== Task to carry out ==
Could you return the data that follows exactly, minus the images?
◆ ◆ ◆ ◆
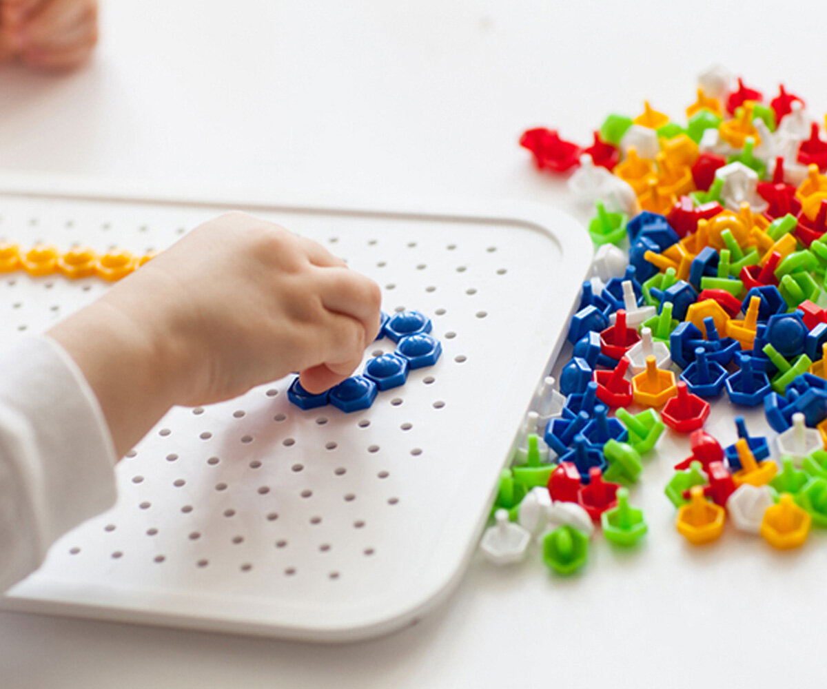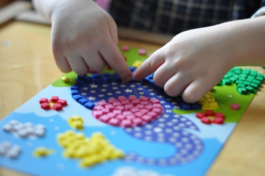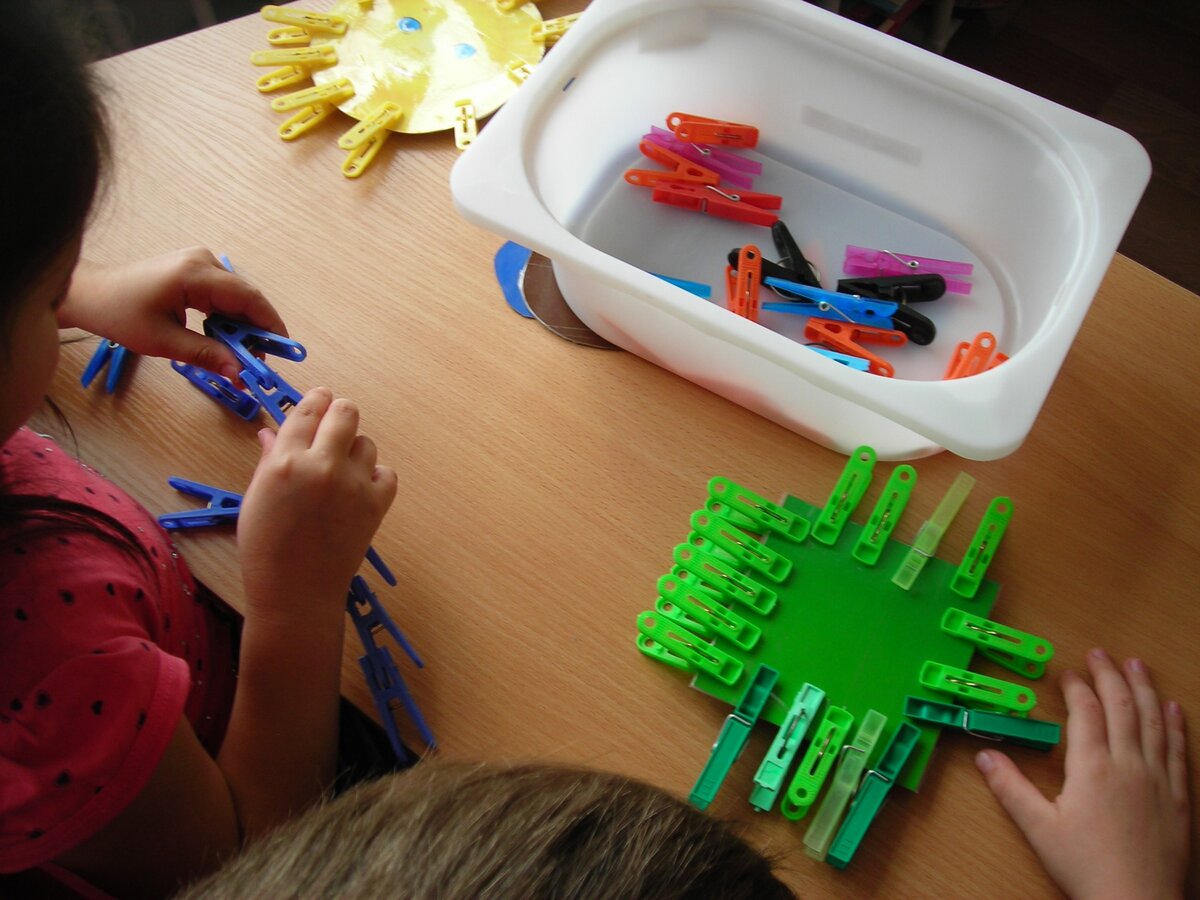 3. Берем из ванны прищепки и учим ребенка открывать ротик прищепки и цеплять её за лист картона. Из картона можно вырезать круг, а прищепки будут лучиками.
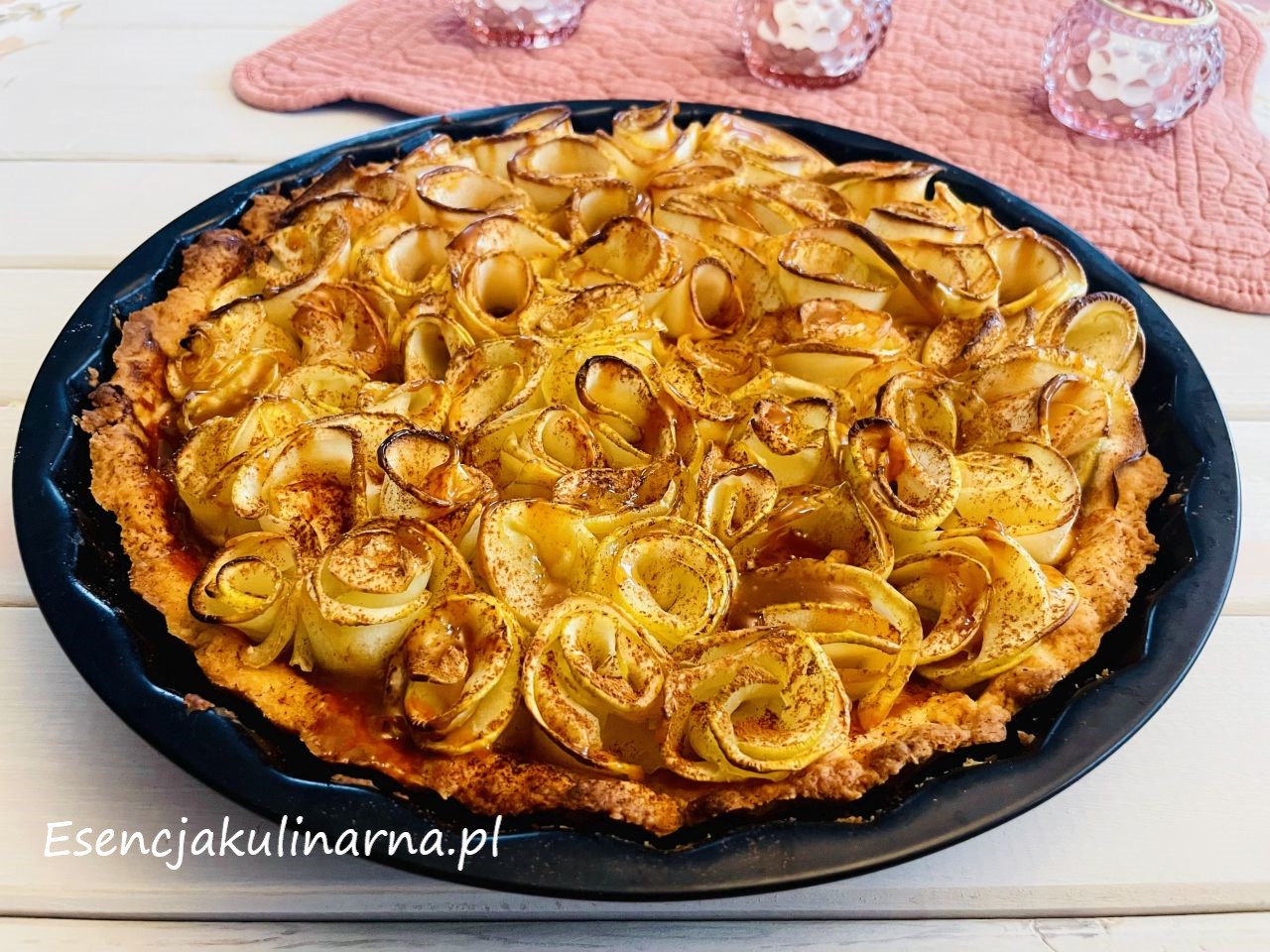 Przepis na pyszną tartę z jabłkami i słonym karmelem. Idealne ciasto na imieniny. Różyczki z jabłek robią wrażenie:)
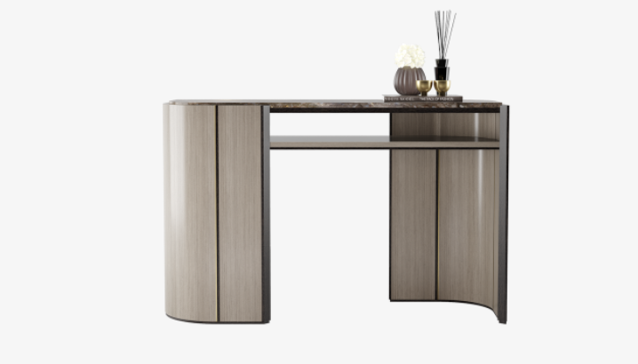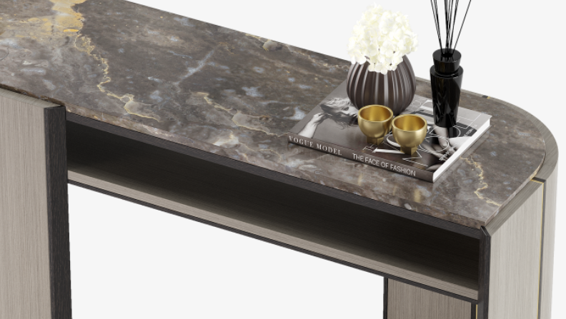 "Overlapping forms and sinuous curves add interest to the alluring OKAYAMA console, which layers different shades of solid wood and veneer to define its silhouette, while beautiful black stone run through with a rich white vein adds interest at the surface. "
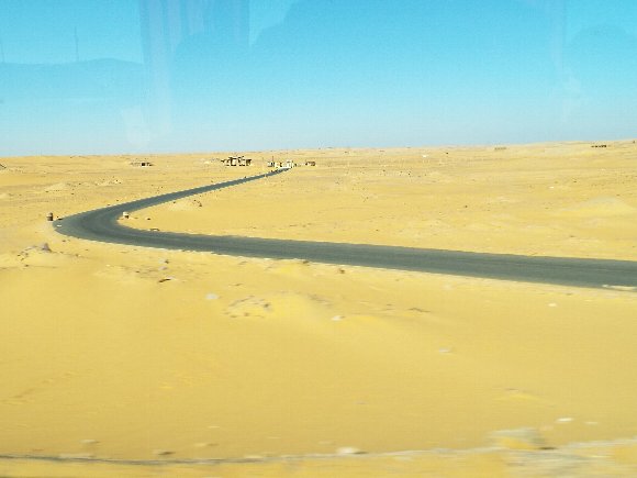 昨日来たヌビア砂漠の道を、アスワンに向かって戻る
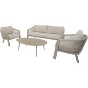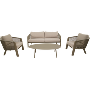 De Loungeset Tanoa is een complete buitenset die stijlvol comfort combineert met praktische functionaliteit voor elk terras, balkon of tuin. Met een matte taupe afwerking en een eigentijdse taupe rope-motief wicker geeft deze set een rustige, uitnodigende uitstraling.
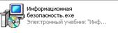 · В экспертной системе использованы элементы управления: гипертекст и кнопки для перехода по ссылкам; электронный учебник занимает на диске 3 Мб. Файл для запуска электронного учебника называется «ИнфБез».
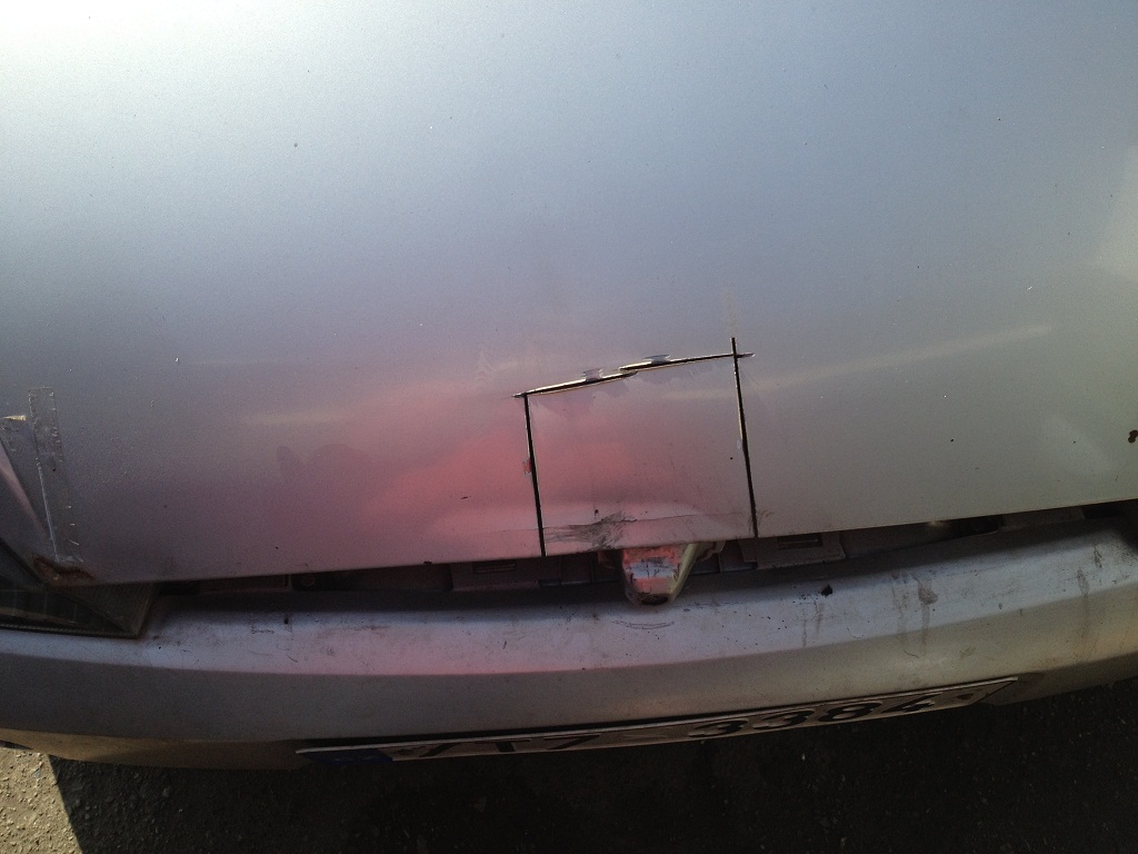 Zavolal jsem do servisu, kde řekli jen "Ajajaj". Přijel jsem tam, koukli jsme spolu do sousedního Fokuse a žádný rozumný nápad neměli. Rozhodl jsem tedy, že budu jezdit bez zámku a otvírat haubnu šroubovákem. Postupoval jsem tedy zepředu , kde jsem zámek obvrtal okolo, našrouboval jsem do něj hák a vytáhl jsem ho dopředu. Tyčka byla v pohodě a je dokonce kovová - vyčvachtal se zámek. Díra je schovaná pod logem, otevřít se to dá křížovým nebo plochým šroubovákem.
◆ ◆ ◆ ◆
== Expected output ==
 3. Берем из ванны прищепки и учим ребенка открывать ротик прищепки и цеплять её за лист картона. Из картона можно вырезать круг, а прищепки будут лучиками.
 Przepis na pyszną tartę z jabłkami i słonym karmelem. Idealne ciasto na imieniny. Różyczki z jabłek robią wrażenie:)
 "Overlapping forms and sinuous curves add interest to the alluring OKAYAMA console, which layers different shades of solid wood and veneer to define its silhouette, while beautiful black stone run through with a rich white vein adds interest at the surface. "
 昨日来たヌビア砂漠の道を、アスワンに向かって戻る
 De Loungeset Tanoa is een complete buitenset die stijlvol comfort combineert met praktische functionaliteit voor elk terras, balkon of tuin. Met een matte taupe afwerking en een eigentijdse taupe rope-motief wicker geeft deze set een rustige, uitnodigende uitstraling.
 · В экспертной системе использованы элементы управления: гипертекст и кнопки для перехода по ссылкам; электронный учебник занимает на диске 3 Мб. Файл для запуска электронного учебника называется «ИнфБез».
 Zavolal jsem do servisu, kde řekli jen "Ajajaj". Přijel jsem tam, koukli jsme spolu do sousedního Fokuse a žádný rozumný nápad neměli. Rozhodl jsem tedy, že budu jezdit bez zámku a otvírat haubnu šroubovákem. Postupoval jsem tedy zepředu , kde jsem zámek obvrtal okolo, našrouboval jsem do něj hák a vytáhl jsem ho dopředu. Tyčka byla v pohodě a je dokonce kovová - vyčvachtal se zámek. Díra je schovaná pod logem, otevřít se to dá křížovým nebo plochým šroubovákem.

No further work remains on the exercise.